The copy must match the data below line for line and contain no images.
=== Exercise materials ===
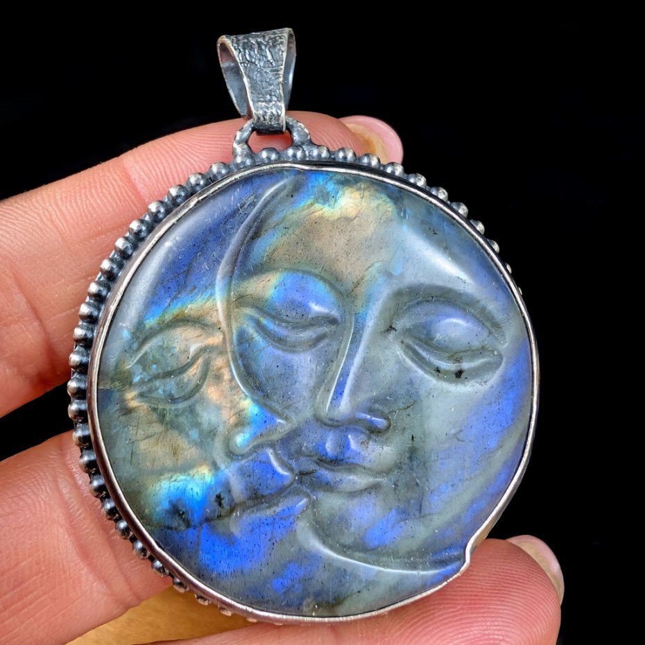 z oprawionym rzeźbionym w labradorycie przepięknym wizerunkiem twarzy i księżyca.
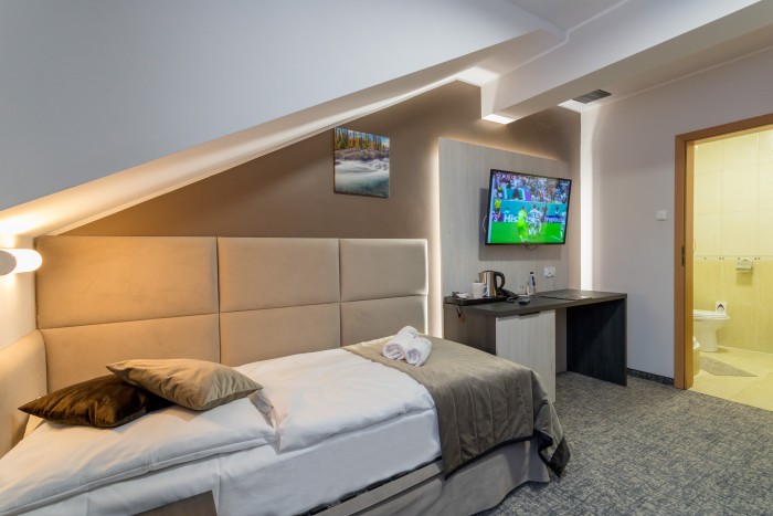 Cena noclegu obejmuje śniadanie wydawane w godzinach od 8:00 do 10:00, możliwość korzystania ze strefy SPA, podatek VAT, monitorowany, niestrzeżony parking, Internet Wi-Fi.
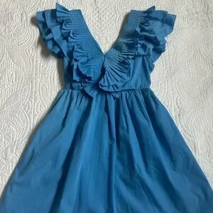 Charming blue mini dress with playful ruffles. Perfect for any occasion. Worn once, looks and feels brand new.
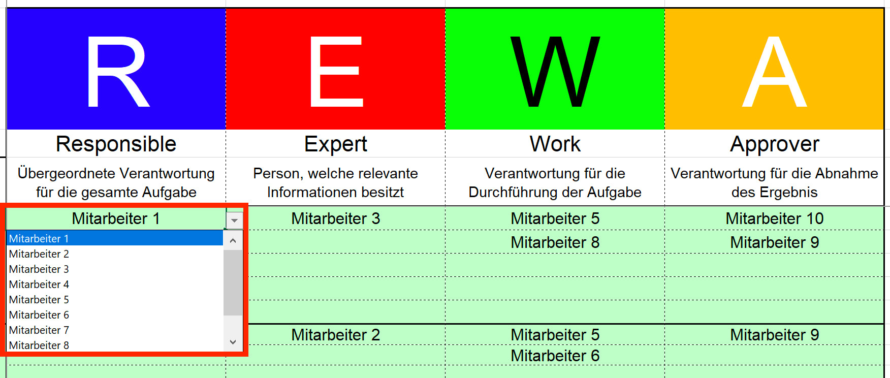 Die REWA-Matrix ist ein effektives Tool, um in Projekten den Überblick darüber zu behalten, wer für welche Aufgaben verantwortlich ist und wer über welche Aufgaben informiert sein muss. Sie stellt eine Alternative zur bekannten RACI-Matrix dar und eignet sich besonders für komplexe Projekte mit klaren Verantwortlichkeiten.
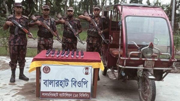 কুড়িগ্রাম প্রতিনিধি :: কুড়িগ্রামের ফুলবাড়ী উপজেলার বালাহাট সীমান্ত এলাকায় বিজিবি অভিযান চালিয়ে ভারতীয় ৪০ বোতল ইস্কাফ সিরাপ ও একটি ইজিবাইক জব্দ করেছে। এ অভিযানে মাদকদ্রব্য জব্দ করা হলেও দৌড়ে পালিয়ে
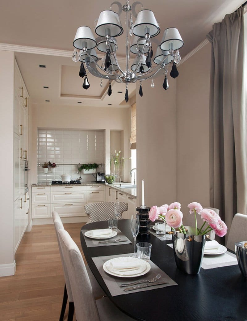 А вот и классическая его интерпретация – с роскошными часами, объемной люстрой и шторами в пол. Все это интересно контрастирует с бытовой техникой последнего поколения и элегантными белыми и бежевыми оттенками разной степени интенсивности.
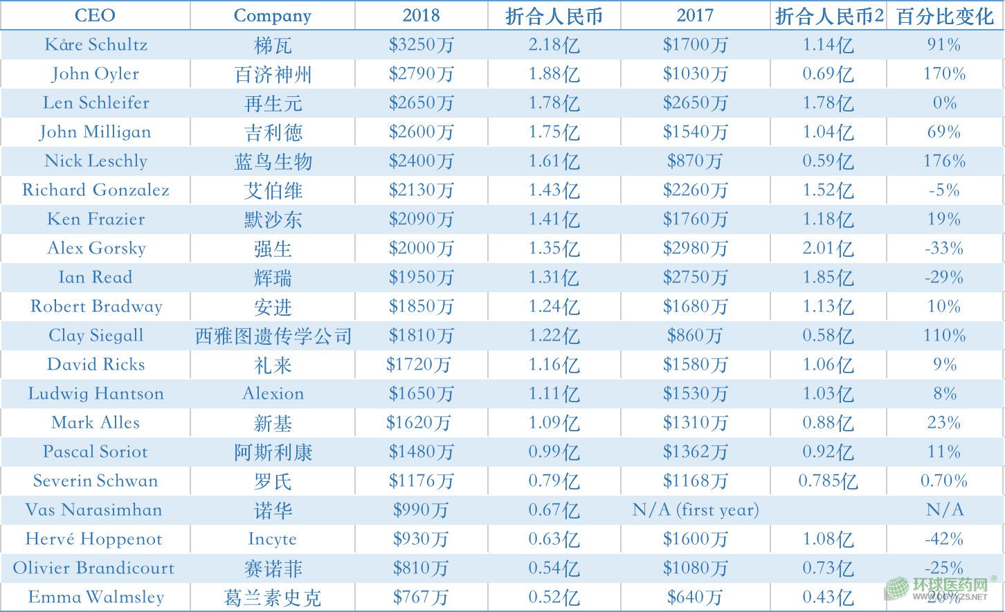 名單列出了20名大型上市制藥公司CEO的薪酬榜單。
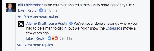 Drafthouse announces ladies-only Wonder Woman screening. Dudes get pissy. Drafthouse responds hilariously. I love working for these folks. pic.twitter.com/aBToCZLY5j
===
*Task output*.
 z oprawionym rzeźbionym w labradorycie przepięknym wizerunkiem twarzy i księżyca.
 Cena noclegu obejmuje śniadanie wydawane w godzinach od 8:00 do 10:00, możliwość korzystania ze strefy SPA, podatek VAT, monitorowany, niestrzeżony parking, Internet Wi-Fi.
 Charming blue mini dress with playful ruffles. Perfect for any occasion. Worn once, looks and feels brand new.
 Die REWA-Matrix ist ein effektives Tool, um in Projekten den Überblick darüber zu behalten, wer für welche Aufgaben verantwortlich ist und wer über welche Aufgaben informiert sein muss. Sie stellt eine Alternative zur bekannten RACI-Matrix dar und eignet sich besonders für komplexe Projekte mit klaren Verantwortlichkeiten.
 কুড়িগ্রাম প্রতিনিধি :: কুড়িগ্রামের ফুলবাড়ী উপজেলার বালাহাট সীমান্ত এলাকায় বিজিবি অভিযান চালিয়ে ভারতীয় ৪০ বোতল ইস্কাফ সিরাপ ও একটি ইজিবাইক জব্দ করেছে। এ অভিযানে মাদকদ্রব্য জব্দ করা হলেও দৌড়ে পালিয়ে
 А вот и классическая его интерпретация – с роскошными часами, объемной люстрой и шторами в пол. Все это интересно контрастирует с бытовой техникой последнего поколения и элегантными белыми и бежевыми оттенками разной степени интенсивности.
 名單列出了20名大型上市制藥公司CEO的薪酬榜單。
 Drafthouse announces ladies-only Wonder Woman screening. Dudes get pissy. Drafthouse responds hilariously. I love working for these folks. pic.twitter.com/aBToCZLY5j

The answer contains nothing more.